Kids inguinoscrotal conditions – When wait and see isn’t a good idea

Timely treatment of inguinal and testicular problems is critical and delays in surgical intervention may affect future fertility. This overview aims to cover common inguinoscrotal conditions seen in children and provide guidelines on optimal times and ages to seek a Paediatric Surgeon’s advice.

Inguinal hernia

Affects 1-4% children and more common in boys. Over half will present under 12 months of age and incarceration (hernia is stuck and cannot easily reduce to normal position),  is common under 6 months of age. Up to 25% of babies will suffer incarceration if treatment is delayed beyond 4 weeks from onset. If incarcerated and reduced by firm manipulation, chance of re-incarceration, within days or weeks, is high. Irreducible or strangulated hernia requires prompt surgical treatment, and delay beyond several hours risks ischaemia (lack of blood supply), potential infarction (death of tissue) of bowel, testis,or ovary.  Prolonged strangulated hernia has been known to cause infant death.
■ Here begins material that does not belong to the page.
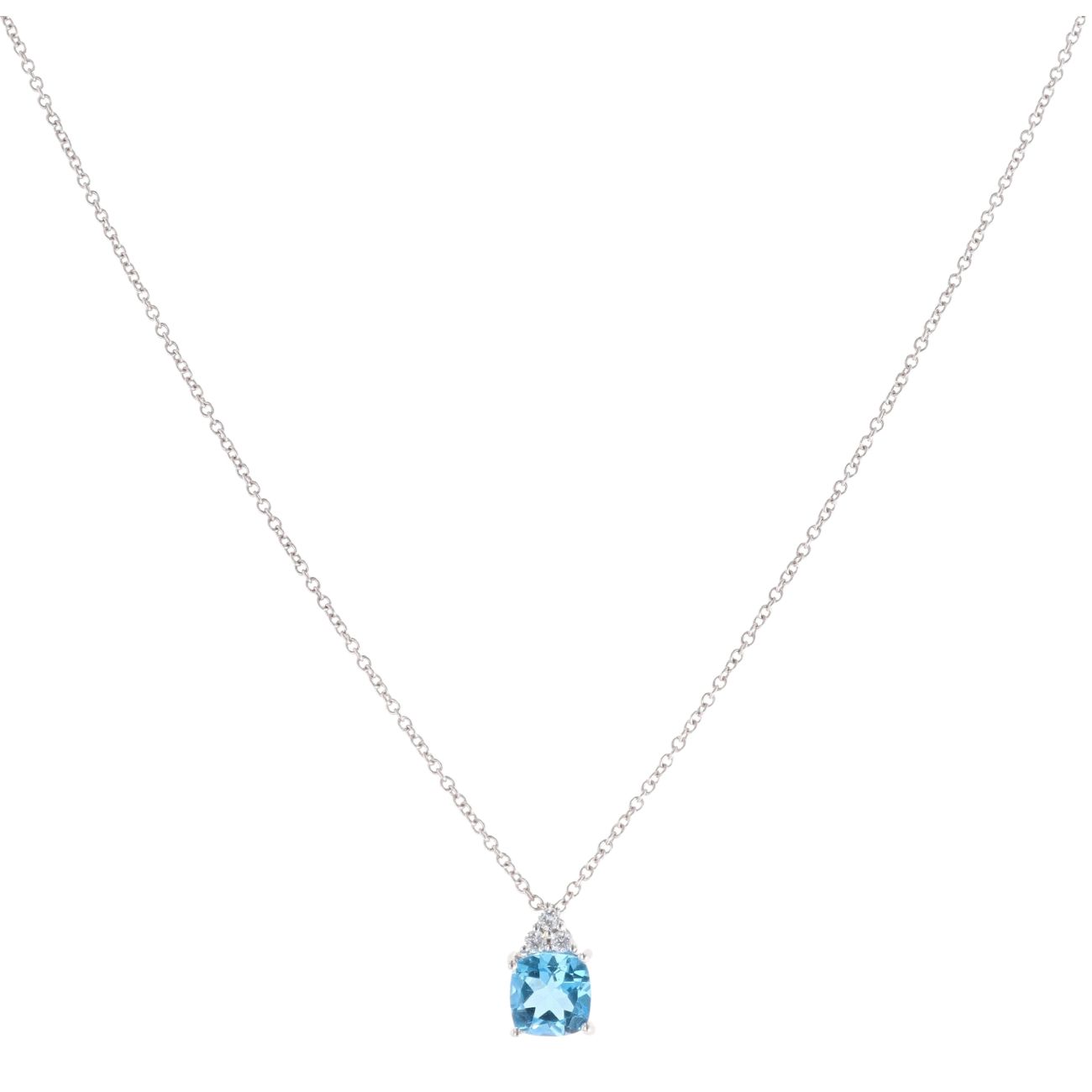 9ct White Gold 0.05ct Diamond and Blue Topaz Pendant and Chain 16"

Key messages- baby hernia < 6months of age = urgent referral -Incarcerated hernia (reduced or not) = urgent referral

Hydrocele

Again affects 1-4% children and more common in boys. Ninety percent undergo spontaneous resolution by 1 year and beyond this very small hydroceles may resolve before 2 years. Diagnosis is anatomical assessment: trans illuminable scrotal swelling that does not extend above scrotal skin with thin cord felt above at external ring next to pubic tubercle. Ultrasound is not necessary with obvious hydrocele anatomy and absence of inflammation or symptoms. Beware confounding clinical presentations such as transullimination of fluid filled herniated bowel in the young baby. Gonadal tumours are uncommon 0.5/100 000 and will not transilluminate. Cystic hydrocele of cord and large inguino scrotal hydrocele may mimic hernia. Usually history of persistent swelling without fluctuation over several days or weeks in a well baby would indicate hydrocele and in these situations ultrasound provides reassurance. Refer for surgical treatment if obvious hydrocele remains beyond 12 months. Surgical repair in young childhood is highly successful and simple ligation of patent processus vaginalis. If not treated, gradual enlargement over several years leads to large hydrocele and this has increased recurrence risk after surgery.
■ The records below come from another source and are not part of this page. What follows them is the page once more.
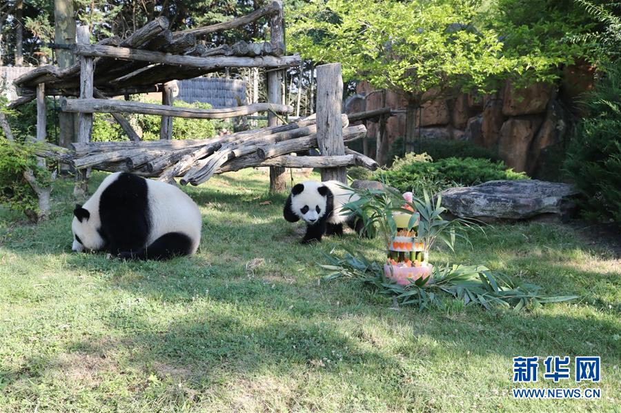 8月4日,在法国圣艾尼昂市博瓦勒野生动物园,大熊猫宝宝“圆梦”(右)准备品尝“生日蛋糕”。 新华社发(博瓦勒动物园供图)
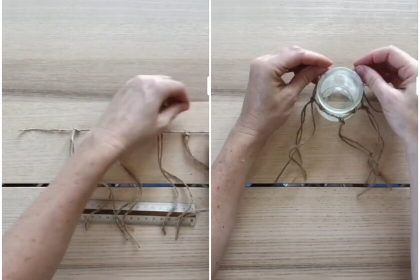 Un poco de cuerda de yute, pegamento resistente y mucha paciencia. Así se construyeron las asas y las redes colgantes que permiten suspender los botes de yogur reciclados en ramas, ganchos o estructuras. El resultado es cálido, funcional y profundamente decorativo.
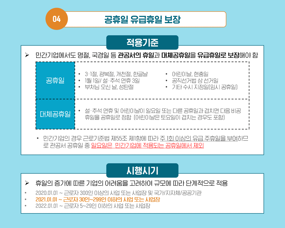 2021년 근로기준법에 의하면 ‘빨간 날’ 즉, 관공서 공휴일에 대한 유급휴일 보장 사업장이 확대됐는데요! 지난 해에는 300인 이상의 사업장, 국가/지방자치단체에서 공휴일에 대한 유급휴일이 적용되었지만, 2021년 1월 1일부터 30인~299인 사업장으로 대상이 확대되었습니다. 또한, 2022년에는 5~29인 사업장도 시행됩니다.

Key message = hydrocele wait and see for 12 months, >12 months refer clinically obvious hydrocele

Undescended testis

2-5 % boys will have undescended testis at birth.  Eighty percent will undergo spontaneous descent in the first 12 weeks (52 weeks gestation). If not surgery for orchidopexy for palpable undescended testes (90% of undescended testes) or laparoscopy for absent testis is recommended between 6 and 18 months of age for optimum testicular function and future spermatogenesis.  Changes in testis are seen after 12 months with decrease in number and size of Leydig cells, decreased size of seminiferous tubules and general atrophy. Reasons for orchidopexy are to achieve a normal appearance, improve fertility, reduce risk of torsion and enable early detection of tumour (undescended testes have increased risk in early adulthood).

If not treated, 98% of undescended testes have abnormal spermatogenesis after puberty. Ascending testes are more common if postnatal descent and this group require observation and annual review until school-age.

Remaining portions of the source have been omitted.